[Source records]
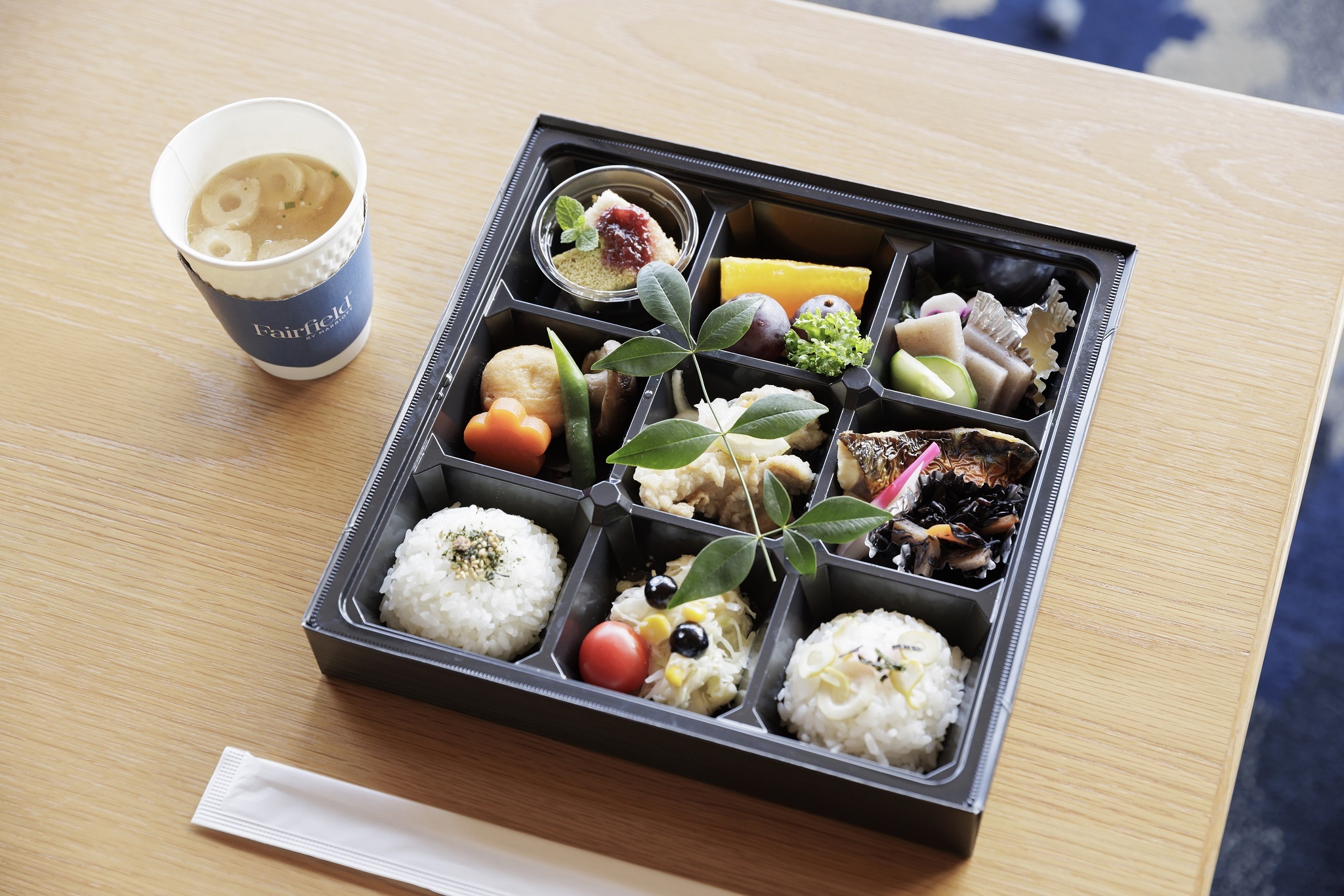 当ホテルは、宿泊特化型ホテルです。食事やお土産などは道の駅をはじめとする地域のお店を利用していただくことで、地域の人々との交流や道の駅との往来を促す設計となっています。朝食は、地域の特産品や名物料理を使用した「朝食ボックス」をご用意しております。
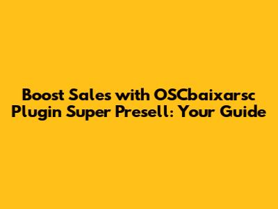 Boost Sales With OSCbaixarsc Plugin Super Presell
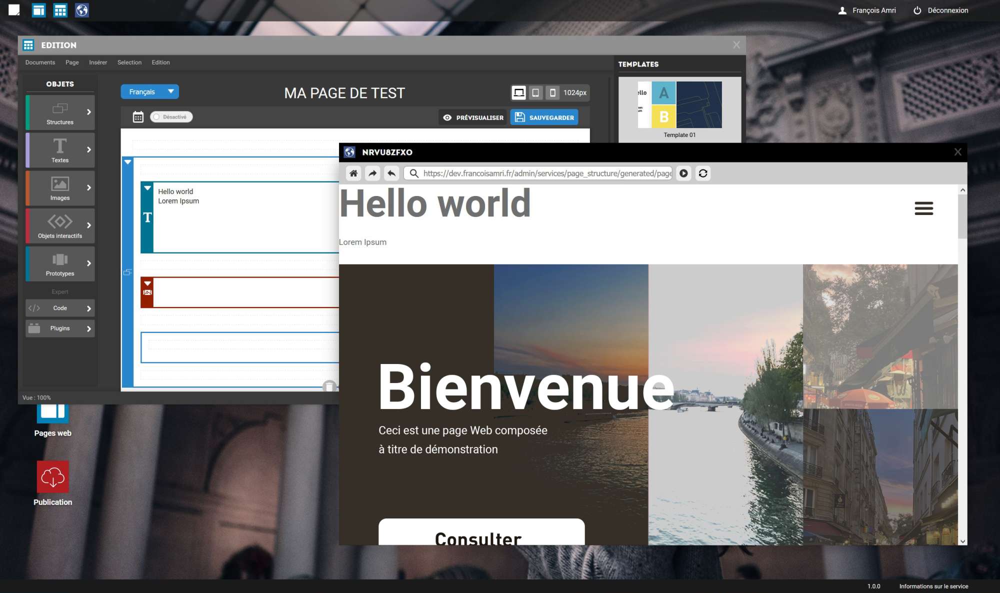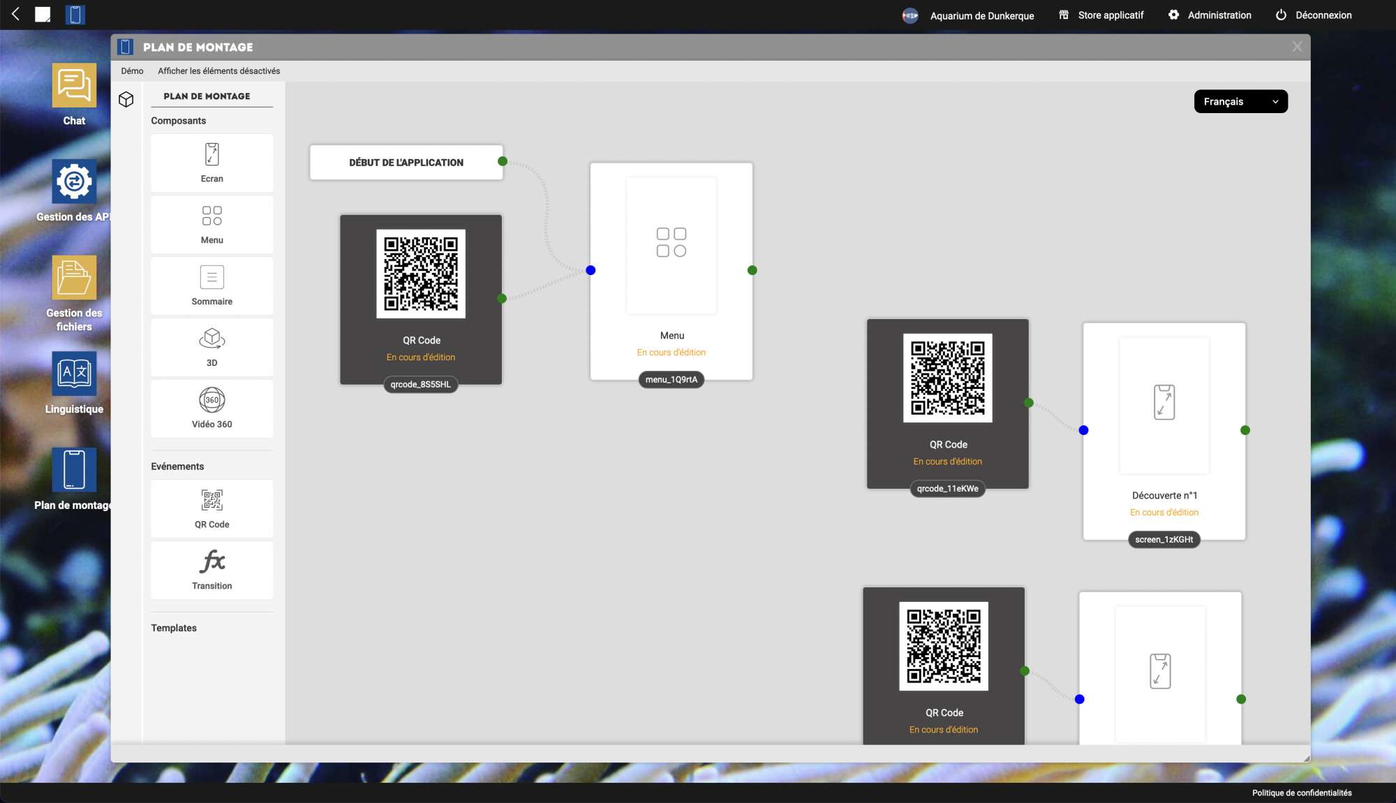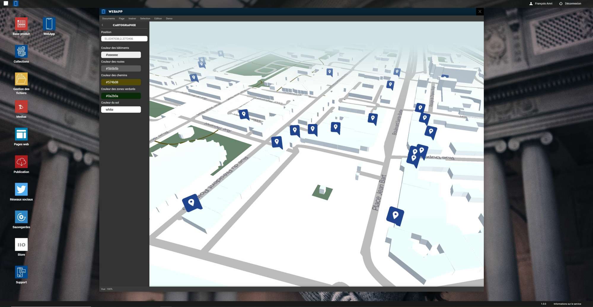 L’interface est un cloud accessible en ligne ou domiciliable sur ses propres supports d’hébergement. Apportant la dimension intuitive et novatrice de la conception, elle met ainsi à portée des utilisateurs nos savoir-faire et à travers ses briques servicielles une nouvelle façon de concevoir et d’administrer facilement et en un temps record des solutions numériques évoluées, pour rendre accessible et à portée humaine la création de projets innovants et à forte valeur ajoutée.
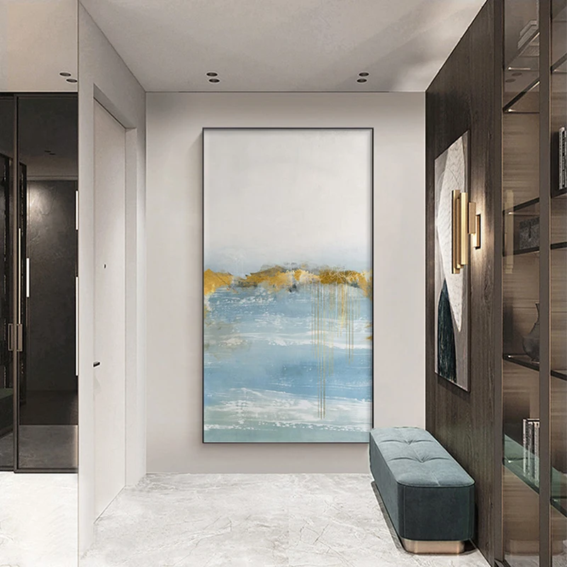 Абстрактные золотые настенные картины, синие, белые морские пейзажи...
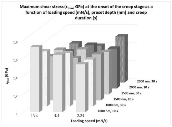 - For a more thorough assessment of creep behavior, it is important to take into consideration other parameters in addition to the net creep deformation obtained from the previous paragraphs. Maximum shear stress (τmax): τmax is the stress that practically drives the deformation process since it is the stress that makes the dislocation move and provide the plastic flow of the material. It can be seen from the data of Table 3 and Figure 12 that τmax decreases, in general, as the preset depth increases. This is expected since, according to the calculation sequence, τmax is directly related to the hardness, which, as shown and explained previously, is also reduced as the indentation depth increases. What is significant is that this trend is more profound for the lower creep periods (10 s). Additionally, it appears that τmax is also slightly affected by the loading speed, with this effect being more significant for the lower preset depths. It could be thus postulated that in general lines, τmax follows similar trends as the net creep depth but in reverse order. According to the comments of Karantzalis et al. [23], this behavior and inter-relation are expected and are exactly associated with the extent of the dislocation mobility the τmax provides.
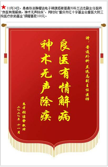 患者张洁静赠送电子锦旗感谢普通外科兰远志副主任医师,并向医疗救助基金捐赠善款100元-锦旗-患者心声-患者服务-重庆医科大学附属第三医院【官方网站】
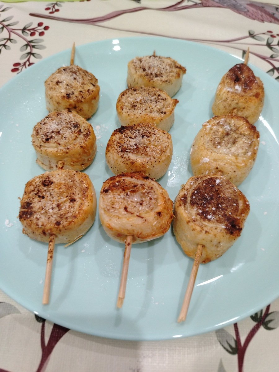 Раскатать тесто. Завернуть в него бананы. Разрезать. Нанизать на шпажки.
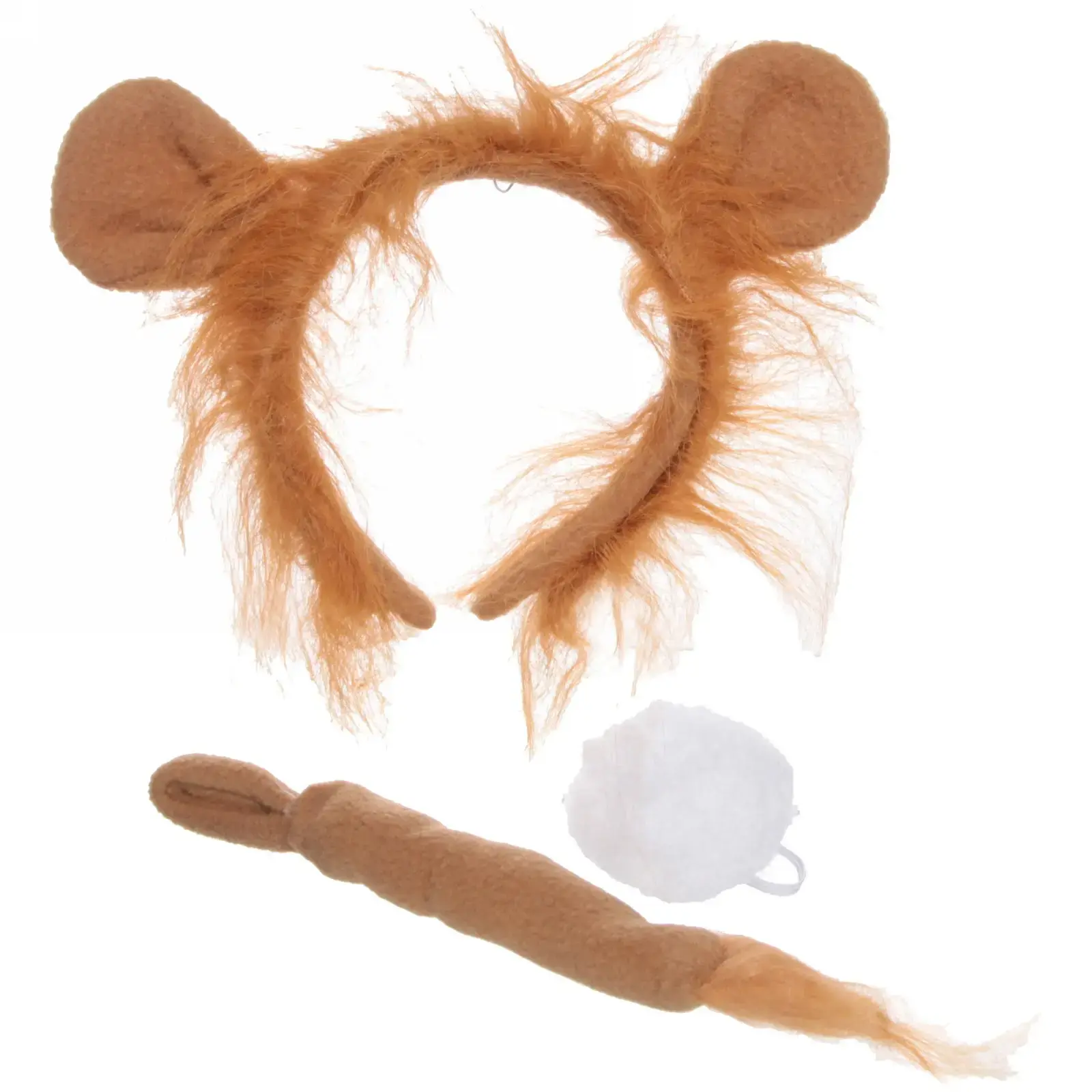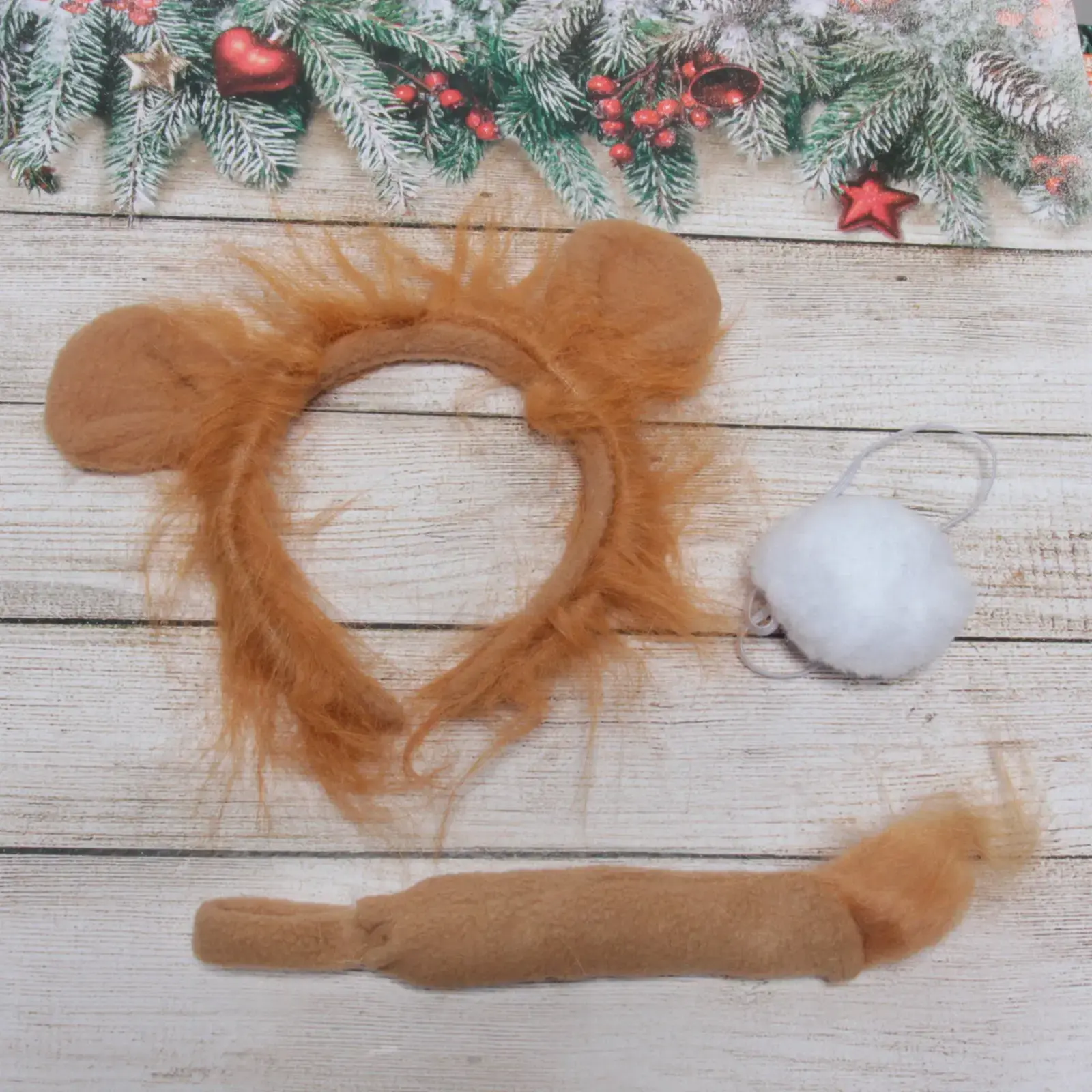 Основные элементы набора выполнены в светло-коричневом цвете с добавлением белого, что делает их универсальными для сочетания с другими костюмами. Ободок имеет округлую форму, а хвост — удлиненную с закругленным краем. Эти детали помогут вашему ребенку выглядеть как настоящий львенок, привнося радость и веселье в любой праздник.
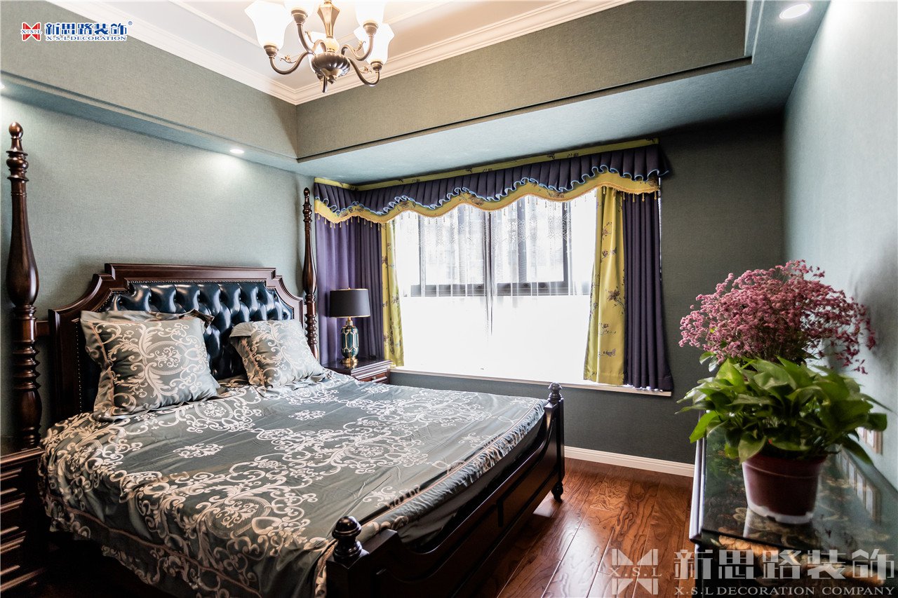 深色木質(zhì)家具與復(fù)古風(fēng)的裝飾正是美式裝修風(fēng)格的亮點(diǎn)之一,深青色的皮質(zhì)床頭與墻面色系相統(tǒng)一。衛(wèi)生間的浴缸設(shè)計(jì)非常適合休息之時(shí)放松泡澡,桌子上的上永生花與盆栽點(diǎn)綴房間,生機(jī)勃勃。

> _TASK DESCRIPTION_: The answer must be an exact copy of the entries, with the pictures omitted.

> _OUTPUT FOR THIS TASK_:
 当ホテルは、宿泊特化型ホテルです。食事やお土産などは道の駅をはじめとする地域のお店を利用していただくことで、地域の人々との交流や道の駅との往来を促す設計となっています。朝食は、地域の特産品や名物料理を使用した「朝食ボックス」をご用意しております。
 Boost Sales With OSCbaixarsc Plugin Super Presell
 L’interface est un cloud accessible en ligne ou domiciliable sur ses propres supports d’hébergement. Apportant la dimension intuitive et novatrice de la conception, elle met ainsi à portée des utilisateurs nos savoir-faire et à travers ses briques servicielles une nouvelle façon de concevoir et d’administrer facilement et en un temps record des solutions numériques évoluées, pour rendre accessible et à portée humaine la création de projets innovants et à forte valeur ajoutée.
 Абстрактные золотые настенные картины, синие, белые морские пейзажи...
 - For a more thorough assessment of creep behavior, it is important to take into consideration other parameters in addition to the net creep deformation obtained from the previous paragraphs. Maximum shear stress (τmax): τmax is the stress that practically drives the deformation process since it is the stress that makes the dislocation move and provide the plastic flow of the material. It can be seen from the data of Table 3 and Figure 12 that τmax decreases, in general, as the preset depth increases. This is expected since, according to the calculation sequence, τmax is directly related to the hardness, which, as shown and explained previously, is also reduced as the indentation depth increases. What is significant is that this trend is more profound for the lower creep periods (10 s). Additionally, it appears that τmax is also slightly affected by the loading speed, with this effect being more significant for the lower preset depths. It could be thus postulated that in general lines, τmax follows similar trends as the net creep depth but in reverse order. According to the comments of Karantzalis et al. [23], this behavior and inter-relation are expected and are exactly associated with the extent of the dislocation mobility the τmax provides.
 患者张洁静赠送电子锦旗感谢普通外科兰远志副主任医师,并向医疗救助基金捐赠善款100元-锦旗-患者心声-患者服务-重庆医科大学附属第三医院【官方网站】
 Раскатать тесто. Завернуть в него бананы. Разрезать. Нанизать на шпажки.
 Основные элементы набора выполнены в светло-коричневом цвете с добавлением белого, что делает их универсальными для сочетания с другими костюмами. Ободок имеет округлую форму, а хвост — удлиненную с закругленным краем. Эти детали помогут вашему ребенку выглядеть как настоящий львенок, привнося радость и веселье в любой праздник.
 深色木質(zhì)家具與復(fù)古風(fēng)的裝飾正是美式裝修風(fēng)格的亮點(diǎn)之一,深青色的皮質(zhì)床頭與墻面色系相統(tǒng)一。衛(wèi)生間的浴缸設(shè)計(jì)非常適合休息之時(shí)放松泡澡,桌子上的上永生花與盆栽點(diǎn)綴房間,生機(jī)勃勃。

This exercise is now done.